Monday, May 17, 2010


And still in these days driving alone in Vermont I always keep in mind what was over in New Hampshire, where I know I have to go to follow the mystery of what went on back in that apparently sun-shiny place that might be tied to the darkness that became apparent years later – the bad ends these cousins of mine were coming to – and my late father and late uncle and still living mother and aunts as well, though it was easier to keep the failures of another generation at a distance than it was the failures in my own generation – like Margaret’s brother Fitz John, one of the favored ones, the family’s only Eagle Scout, who had kept being thrown out of places, Exeter, then Williams, for rather large scale thievery, and he seemed on the surface much like how everything in his mother’s house in Scarsdale seemed , as if put in place by Martha Stewart.

And I kept driving, and I kept stopping at those small state parks with lakes for swimming that were never more than a couple of hours apart, and I kept on going over to the that riding ring above Castleton for lessons in Western style riding from a raw-edge young woman in a family of people devoted to the little known world of competitive rodeos in Northeastern states.

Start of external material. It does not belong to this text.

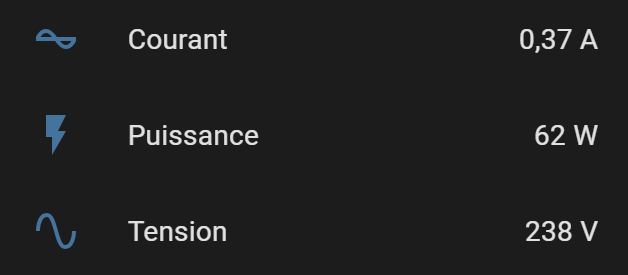 Mon problème est que hier pendant que je faisait fonctionner un appareil branché sur une prise connecté Nous A1Z j’ai regardé sa puissance et elle me paraissait fausse. A l’aide de la tension et du courant j’ai vite fais le calcul et compris que ma tension est fausse, encore maintenant comme vu ci dessous avec le courant et la tension (0,37x238 = 88W).

I kept going to the two big art galleries, the one in Rutland and the other to the south, still hoping, should I stay on here, that there would be more than sentimental barn paintings to sustain me.

And I thought of how in those wild meetings in Manhattan people had picked up on what on what a full, adventurous life I had had till now – and I wondered that I had hardly said a word about all the times I had been by myself, wandering the streets of lonely cities, often places where I did not speak the language. And I thought of the times I had thought I was in love, as well as the times between shallow relationships.

And I kept bringing myself back to my mission that was bring me so much life now, and so in my thoughts drifting to the past again and again between these trips I was making over to the White Mountains. And sometimes in my thoughts the White Mountains part would sometimes almost drift away, and I would be other places at other ages, not just the exotic lands I had chosen but often back in Weston, Connecticut, which I had recently looked in on in its current form as a tidy and costly rich man’s suburb. I would be there in my mind when it was still a basically New England town. When most of the men were not commuters, in fact most worked locally on small farms or places that were partial farms, on town road crews, and as journeymen small businessmen who built things and installed things and were paid to take care of what they had put in place.

And I was back in the World War II time when my parents became virtual farmers, the world’s least likely farmers, in order, they said, to get around food rationing, but now I wondered if they didn’t also have dreams not unlike the dreams my brother and I had once had of becoming such regular people that we might even be able to be farmers – farmers if our fantasy of running a log inn on a woodland road did not play out. For surely rationing had not been that tight an affair. We used to drive all the way up to New Hampshire in the green Plymouth convertible each summer, so gas rationing, anyway, could not be as strict as it sounded in the adults' complaints.